Raising Equity? - Thinking About the Next Series



Historically, Boards of Directors and Special Committees have faced fairness issues and legal scrutiny in change of control transactions, particularly as it relates to the fiduciary responsibility to all shareholders in a proposed transaction. However, we see an increasing prevalence of actions being raised against fiduciaries involved in venture capital financing transactions. VC funded companies are often burdened with complex capital structures that have numerous minority shareholders and varying levels of preferred equity and liquidation preferences.When these companies seek additional infusions of capital, it can result in a “squeeze out” or “cram down” for the existing shareholder base. This has the potential to trigger significant fiduciary issues for the Boards and Special Committees overseeing the transaction process, especially if there are any interested parties to the transaction holding varying levels of preferred equity involved in the decision making process. In order to provide the necessary defense against potential shareholder claims, fiduciaries need to conduct a process that considers all alternatives available to the company, removes conflicting interested parties from negotiations and board approval, and ensures a post-transaction capital structure that is economically fair to all shareholders.

New Money, More Problems

In many instances, liquidity and time constraints can make companies feel like their back is up against the wall.The pressure to solve the immediate need for capital compels companies to move forward with less than ideal financing partners and agreements that, while they provide the much needed capital infusion, can create a number of unfavorable outcomes; such as, a convoluted capital structure heavily favoring later stage investors; restrictive measures imposed on management; and/or a requirement of adding a new board seat(s) creating a clash of personalities and interests. All of these outcomes create fiduciary risk for Boards and Special Committees overseeing the process and can elicit a wave of claims from shareholders.
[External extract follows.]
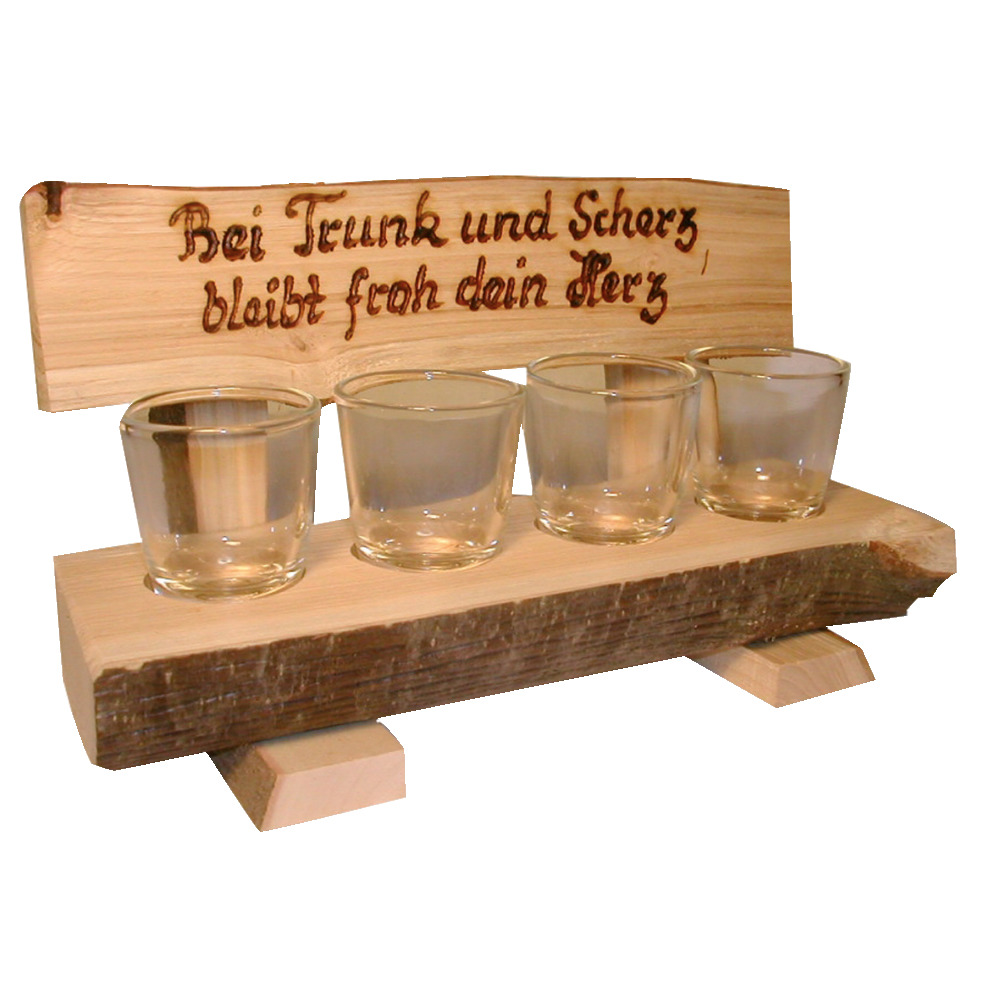 Informations sur le produit "Bankerl avec 4 timbres de schnaps avec inscription"

Fairness Opinion or Alternatives?

These issues are most common in down round VC financings involving a “cram down” or forced conversion of existing shareholders, but can arise in many other late stage VC and/or growth equity financings. Best practice suggests the retention of a reputable independent financial advisor to represent the Board or Special Committee to issue a supportable, well-documented opinion as to the financial fairness of the transaction to the shareholders.However, some companies are concerned about the costs associated with obtaining a fairness opinion and must look to other avenues. This not only takes up a substantial amount of time and energy from key members of the Board and management, it also does not solve the immediate need for capital.

Navigating Fiduciary Pitfalls for Boards and Special Committees

Though obtaining a fairness opinion is widely considered the gold standard in protecting members of the Board and Special Committee, the following outlines a number of practical steps and protective measures to minimize fiduciary risk and establishes a well-supported process that can withstand the scrutiny of the courts.First, ensure the process and actions of the board are fully documented, including minutes from board meetings and meetings of a Special Committee. Documenting the process is an effective measure that will help shift the burden of proof away from the Board and/or Special Committee. Second, we suggest that the Board or a Special Committee of the Board work with a financial advisor to assess viable options, ensuring that all strategic alternatives were considered and through careful consideration, the optimal solution is selected. Third, it is important that the Board and or Special Committee carefully identifies and removes conflicts of interest at the onset of a transaction that may taint the appearance of fair process and fair dealing. Care should be taken to form a team of independent, non-affiliated individuals to lead the process of selecting a capital structure that is economically fair to all stakeholders.Generally, board members who are also economic stakeholders in the company, should not be involved in the decision making process. Fourth, the company should design an appropriate capital structure that not only supports the proposed transaction but also simplifies the capital structure and positions the company for success in subsequent rounds of financing or future liquidity events. Lastly, and often considered the most cumbersome aspect of the transaction process, align the interests of all the shareholders in order to obtain shareholder approval and facilitate a timely transaction close.

A Case Study on Fiduciary Risk in Venture Capital Financing Transactions

In a recent transaction, Cognient was retained by a Special Committee to render a fairness opinion in conjunction with a proposed financing transaction for a venture capital-backed company. The company, having previously undergone several rounds of financing, had 10 existing layers of preferred equity, all with varying degrees of liquidation preference. The company initially designed a transaction that forced the conversion of all existing classes of preferred equity and common equity, regardless of liquidation preference, into a single class of common stock in the recapitalized company. Given the current value of the company, the initially proposed transaction was not fair from a financial point of view to several classes of shareholders, and therefore Cognient was unable to issue a fairness opinion. However, Cognient worked closely with the Special Committee and its counsel to create a paired-share equity structure that allowed all shareholders to both maintain their level of liquidation preference and their proportionate equity upside potential in the recapitalized company.This was accomplished through the design of one preferred security and one common equity security in combination with an economically appropriate exchange ratio for existing shareholder securities. The revised transaction resulted in full shareholder approval and the company obtained the capital it needed to grow and continue to work towards their goal of an initial public offering.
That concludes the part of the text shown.